**EXERCISE**
All that should be output is the block of lines below from the line with "Imagen en alta" to the line with "为深入贯彻落实习近平总书记关", both included, exactly as written.

**INPUT MATERIAL**

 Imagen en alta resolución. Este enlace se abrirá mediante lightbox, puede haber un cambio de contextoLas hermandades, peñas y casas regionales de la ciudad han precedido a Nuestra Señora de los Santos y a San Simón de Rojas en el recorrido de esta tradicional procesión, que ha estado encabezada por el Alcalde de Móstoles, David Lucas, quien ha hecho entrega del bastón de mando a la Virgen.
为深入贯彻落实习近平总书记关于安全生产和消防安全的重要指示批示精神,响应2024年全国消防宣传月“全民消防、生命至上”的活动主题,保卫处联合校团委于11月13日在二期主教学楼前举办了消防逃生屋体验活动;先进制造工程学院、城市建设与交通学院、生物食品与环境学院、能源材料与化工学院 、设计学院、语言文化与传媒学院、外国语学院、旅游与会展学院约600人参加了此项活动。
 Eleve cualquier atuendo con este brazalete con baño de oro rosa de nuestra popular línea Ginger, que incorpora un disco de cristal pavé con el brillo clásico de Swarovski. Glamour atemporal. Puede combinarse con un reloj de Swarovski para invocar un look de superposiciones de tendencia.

---

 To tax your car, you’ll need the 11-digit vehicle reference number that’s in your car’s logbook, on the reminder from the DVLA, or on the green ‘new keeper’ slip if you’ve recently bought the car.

**ANSWER TO THE PROBLEM**
 Imagen en alta resolución. Este enlace se abrirá mediante lightbox, puede haber un cambio de contextoLas hermandades, peñas y casas regionales de la ciudad han precedido a Nuestra Señora de los Santos y a San Simón de Rojas en el recorrido de esta tradicional procesión, que ha estado encabezada por el Alcalde de Móstoles, David Lucas, quien ha hecho entrega del bastón de mando a la Virgen.
为深入贯彻落实习近平总书记关于安全生产和消防安全的重要指示批示精神,响应2024年全国消防宣传月“全民消防、生命至上”的活动主题,保卫处联合校团委于11月13日在二期主教学楼前举办了消防逃生屋体验活动;先进制造工程学院、城市建设与交通学院、生物食品与环境学院、能源材料与化工学院 、设计学院、语言文化与传媒学院、外国语学院、旅游与会展学院约600人参加了此项活动。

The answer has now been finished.